Don’t get it twisted. Venus is no slouch and has been playing that Wu Tang razor sharp tennis in the tournament, winning all three of her matches in straight sets. It’s not like she’s Seth Curry. She’s a boss and all-time great too and she laid the blue print and was the driving force behind her younger sister’s rise to tennis alien. Venus’ historic presence and impact on tennis culture is indisputable because she is the originator. She’s Wilma Rudolph 2.0
Venus was also the guinea pig and crash dummy for father Richard’s method of molding champions. She turned pro in 1994 at the tender age of 14 and eight years later she became the World No.1 for the first time. As the first black American woman to achieve this feat during the Open Era, Venus is credited with transforming the sport and sparking a new era of women’s power tennis based on an athleticism and Compton-city grit that shifted the sport’s energy and flipped the tennis landscape.
Not to pour it on, but Venus isn’t served her due propers by a lot of front-running folk who tend to act as if Serena was born an only child. Venus is also regarded as the best grass court player of her generation and her seven singles Grand Slam titles (22 overall) ties her for seventh on the WTA’s all-time list. That’s more than any other active female player except for Serena. That’s pretty good for a woman who won two Grand Slam titles before she even got “motivated” to be a champion.
Don’t forget the four Olympic gold medals for good patriotic measure. In her prime, Venus had a 35-match winning streak from the 2000 Wimbledon Championships to the 2000 Generali Ladies Linz tournament final and it stands as the longest winning streak in tennis since January 1, 2000.
Now, with that being said, Serena isn’t quite ready to reminisce like Pete Rock and CL Smooth. She is a blazing 36-1 this season and has won 25 Grand Slam matches in a row.

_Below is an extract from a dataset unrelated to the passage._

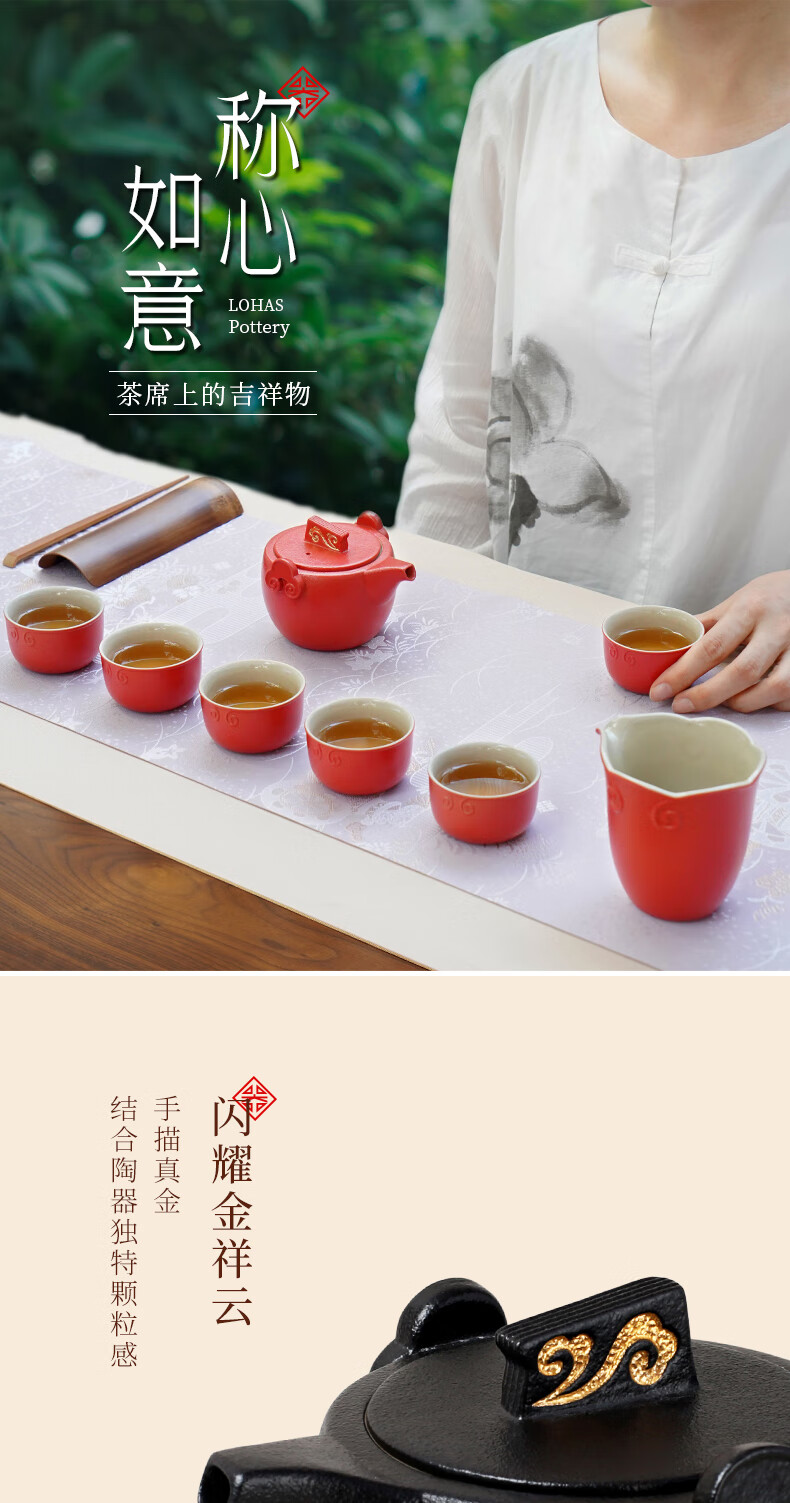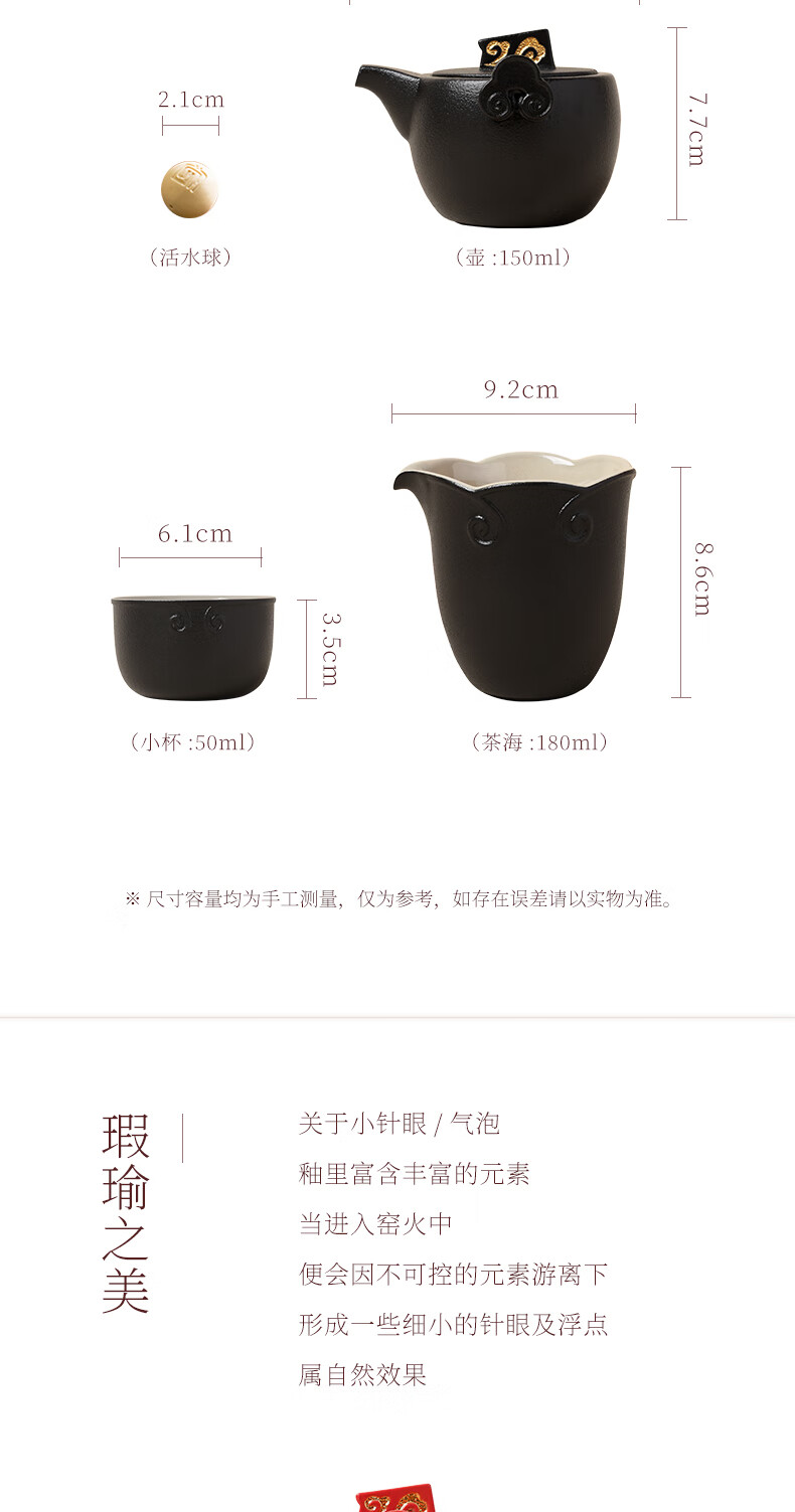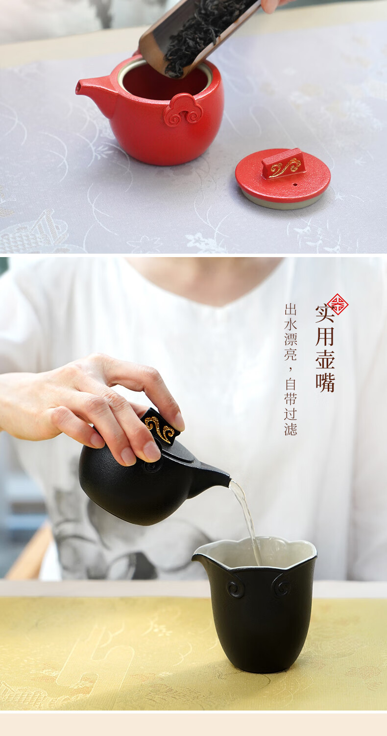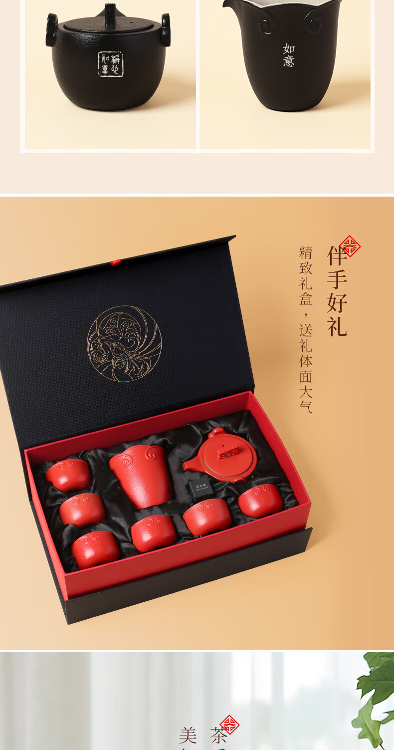 陆宝台湾茶具整套 陶瓷高档家用功夫茶具套装茶壶茶杯礼盒装 称心如意 禅风黑 9件(仅1套,无货退款

If she guts past former No. 1 Victoria Azarenka on Tuesday, then wins twice more, she would complete a “Serena Slam” of four consecutive major championships, something she also did in her (first) prime in 2002-03.
If we want to get ambitious and look even further ahead, Serena could go to the U.S. Open with a chance at the first true Grand Slam four majors in a single season since the dominating German racket master Steffi Graf in 1988.
The Williams Sisters’ head-to-head matchups have always added intrigue, a uniqueness and legendary complexity to their relationship to each other and the tennis community. But they are indeed two individuals who have made contributions to the sport in their own way.
“They’ve been unbelievable for the sport. I’ve said that many times,” said Roger Federer, a seven-time Wimbledon champion who also advanced to the men’s quarterfinals on Monday. “Their head-to-heads, I don’t know how much that has to do with it. I think it’s more their individual play.”
Anyway you slice it, tennis will never be the same when they’re gone.